La Côte d’Ivoire est aussi confrontée à l’insuffisance des infrastructures sanitaires, notamment celle criante des plateaux techniques des hôpitaux d’élite. C’est d’ailleurs la raison pour laquelle les riches du pays se font soigner en Europe. Mais malgré cette réalité quotidienne, le gouvernement assure avoir construit des centres de santé à moins de 5 km, selon les normes du FMI. D’ailleurs, sur le terrain, l’on a parfois recours aux services des matrones pour faire accoucher des parturientes, faute de sage-femme, d’infirmier ou d’ambulance pour le transfert des cas compliqués.

Pourtant, au chiffre de l’indice de développement, s’ajoute également celui du plus faible capital humain. Le capital humain est le niveau potentiel de performance qu’un système de formation est capable d’offrir aux citoyens d’un pays.
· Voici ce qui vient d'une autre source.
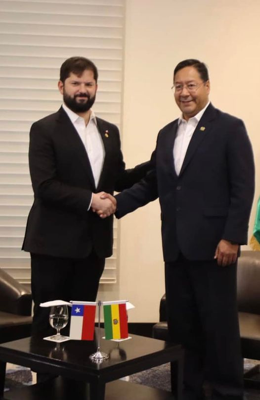 Gabriel Boric y Luis Arce. Chile y Bolivia. Asisten a la posesión de Gustavo Petro en Colombia. Y se dan un apretón de manos 🇨🇱 🇧🇴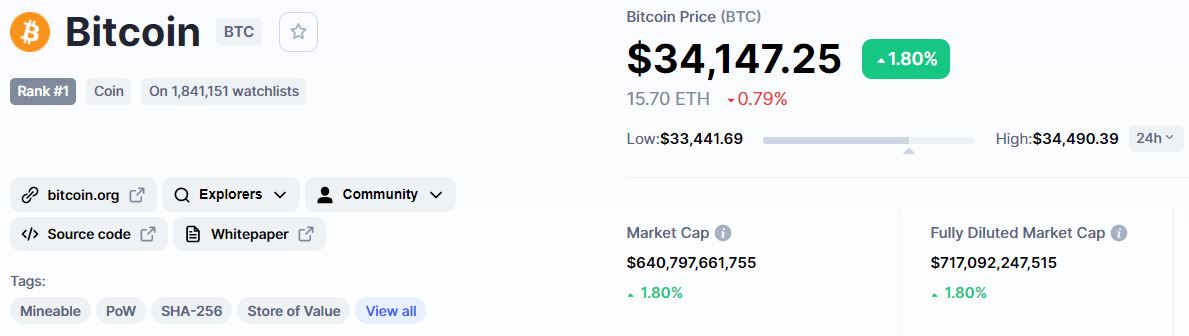 Эта неделя – одна из самых противоречивых для владельцев Bitcoin: если в начале ее главная криптовалюта мира сильно просела, опустившись впервые за долгое время ниже отметки в 30 000 долларов, то уже в среду наметился стабильный рост, и он продолжается: на данный момент стоимость Bitcoin превысила отметку в 34 000 долларов.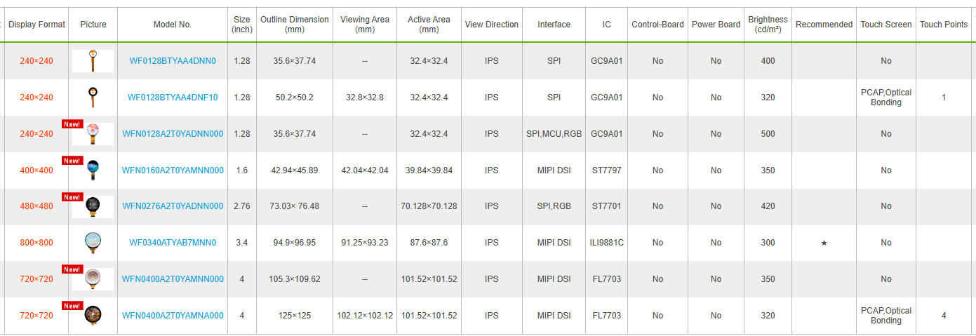 WINSTAR offers a comprehensive range of round TFT LCD display modules, available in sizes from 1.28" to 4", featuring advanced IPS wide viewing angle technology. With both capacitive touch and non-touch options, these round displays provide exceptional visual clarity and stability. The resolution ranges from 240x240 to 720x720 dots, making them suitable for a wide array of applications. These round TFT modules support multiple interfaces, including SPI, RGB, and MIPI, ensuring seamless integration into a variety of systems.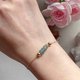 This jade bracelet features a tranquil blue jade as its main body, accented by three vibrant green jade stones that serve as visual focal points. The deep blue is serene, while the green is lively, creating a naturally harmonious color contrast. The jade possesses a fine texture and a soft, lustrous sheen, appearing elegant and timeless when worn on the wrist.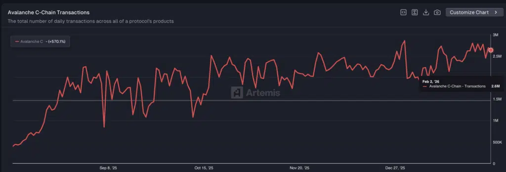 Più contenuto l’andamento delle transazioni come si può osservare sulla “Avalanche C-Chain Transactions” che ci indica il numero totale di transazioni giornaliere sulla C-Chain. La metrica mostra, dopo circa sei mesi di fase di profonda debolezza, una ripresa strutturale dell’attività. Le transazioni sono salite fino a 2.6M giornaliere, con un incremento del +570,1%. Il dato segnala maggiore utilizzo della rete, crescita operativa sostenuta e un ritorno dell’interazione on-chain rispetto ai minimi precedenti.

En Côte d’Ivoire, ce chiffre est de 38% selon la Banque Mondiale. Dans le détail, ce chiffre décrit l’affaissement du système éducatif ivoirien, explique l’universitaire Mamadou Koulibaly pour qui « le système de formation, de santé, d’institutions qu’on a aujourd’hui, donnera des citoyens qui vont fonctionner à 38% de leur potentiel dans 18 ou 20 ans alors que la moyenne est de 40% en Afrique contre la moyenne des pays développés qui est de 71 à 75% du potentiel des citoyens ».

Cela dit, tout le monde n’est pas logé à la même enseigne puisque la classe dirigeante forme généralement ses enfants dans les meilleures universités occidentales. Ce qui, à terme, devrait consolider l’ensemble des inégalités qu’on observe aujourd’hui dans le pays.